It is unfortunate that Esmarch’s investigations were directed only towards the blue-green algæ since observations made in this country indicate that such a series of records gives but a very incomplete picture of the soil flora as a whole.
Petersen, in his “Danske Aërofile Alger” (1915) added considerably to our knowledge of soil algæ, especially of diatoms. Unfortunately he confined his investigations of the green algæ to forms growing visibly on the surface of the ground. He observed, however, that acid soils possessed a different flora from that commonly found on alkaline or neutral soils, the former being dominated by Mesotænium violascens, Zygnema ericetorum, and 2 spp. of Coccomyxa, while the latter were characterised by Mesotænium macrococcum var., Hormidium, 2 spp., and Vaucheria, 3 spp.
Of diatoms he obtained no less than 24 species and varieties from arable and garden soils, and five characteristic of marshy soils, while from forest soils and dry heathland they appeared to be often absent. He omitted all reference to blue-green algæ.
Meanwhile Robbins, examining a number of Colorado soils that contained unprecedented quantities of nitrate, obtained from them 18 species of blue-green algæ, 2 species of green algæ, and one diatom. Moore and Karrer have demonstrated the existence of a subterranean alga-flora of which Protoderma viride, the most constantly occurring species, was shown to multiply when buried to a depth of one metre.
In this country attention was first called to the subject by Goodey and Hutchinson of Rothamsted who, in examining certain old stored soils for protozoa, obtained also a number of blue-green forms which were submitted to Professor West for identification. This ability of certain algal spores to retain their vitality for a long resting period was so very striking that an investigation was begun at Birmingham in 1915 to ascertain whether other forms were equally resistant. The investigation was carried out on a large number of freshly collected samples of arable and garden soils which were first aseptically air-dried for at least a month and then grown in culture. No less than 20 species or varieties of diatoms, 24 species of blue-green and 20 species of green algæ were obtained from these cultures (Table XII.). In the majority of the samples there was found a central group of algæ, including Hantzschia amphioxys, Trochiscia aspera, Chlorococcum humicola, Bumilleria exilis and rather less frequently Ulothrix subtilis var. variabilis, while moss protonema was universally present. These species were thought to form the basis of an extensive ecological plant formation in which, by the inclusion of other typically terrestrial but less widely distributed species smaller plant-associations were recognised.
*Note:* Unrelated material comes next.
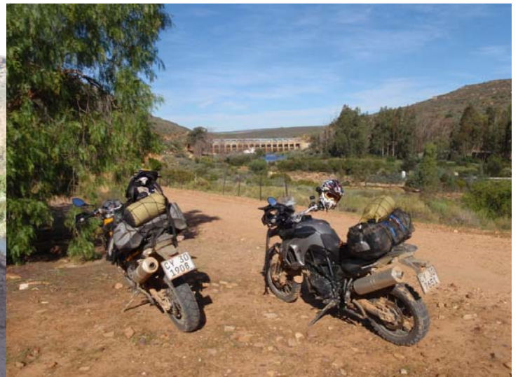
Klawer dirt road to Clanwilliam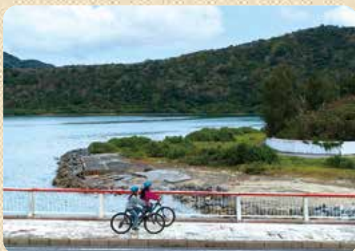
A6 Cycling Experience

In certain of the soils, associations consisting very largely of diatoms were present, and it is to be noted that the majority of the forms that have been described are of exceedingly small size. It is doubtless this characteristic which enables them to withstand the conditions of drought to which the organisms of the soil are liable to be subjected, small organisms having been shown to be better able to resist desiccation than are larger ones. Since the soil diatoms belong to the pennate type, they are further adapted to their mode of life by their power of locomotion, which enables them in times of drought to retire to the moister layers of the soil.
In the soils examined in this work blue-green algæ were less universally present than were diatoms or green algæ, and the species found appeared to be more local in occurrence. There seemed to be, however, an association between the three species, Phormidium tenue, Ph. autumnale, and Plectonema Battersii, at least two of the three species having been found together in no less than 16 of the samples, while all three occurred in 7 of them.
TABLE XII.—ALGÆ IN DESICCATED ENGLISH SOILS. (BRISTOL.)
| Group. | Number of Samples Productive. |
Number of Species. | ||
|---|---|---|---|---|
| Maximum per Sample. |
Average per Sample. |
Total. | ||
| per cent. | ||||
| Diatoms | 95·5 | 9 | 3·7 | 20 |
| Blue-green algæ | 77·3 | 7 | 2·5 | 24 |
| Green algæ | 100 | 7 | 4·3 | 20 |
| Moss protonema | 100 | — | — | — |
| Total | — | 20 | 10·5 | — |
It was generally noticeable that those soils found to be rich in blue-green algæ contained only a few species of diatoms, and vice versa. Diatoms appeared most frequently in soils from old gardens, whereas blue-green algæ were more characteristic of arable soils. The green algæ and moss protonema, on the other hand, were distributed universally.
The majority of green algæ typically found in soils are unicellular, but a few filamentous forms occur. With the exception of Vaucheria spp. these are characterised, however, by an ability to break down in certain circumstances into unicellular or few-celled fragments, in which condition identification is often very difficult.
It was also found by cultural examination of a number of old stored soils from Rothamsted that germination of the resting forms of a number of algæ could take place after an exceedingly long period of quiescence. No less than nine species of blue-green algæ, four species of green algæ, and one species of diatom were obtained from soils that had been stored for periods of about forty years, the species with the greatest power to retain their vitality being Nostoc muscorum and Nodularia Harveyana.
II. The Soil as a Suitable Medium for Algal Growth.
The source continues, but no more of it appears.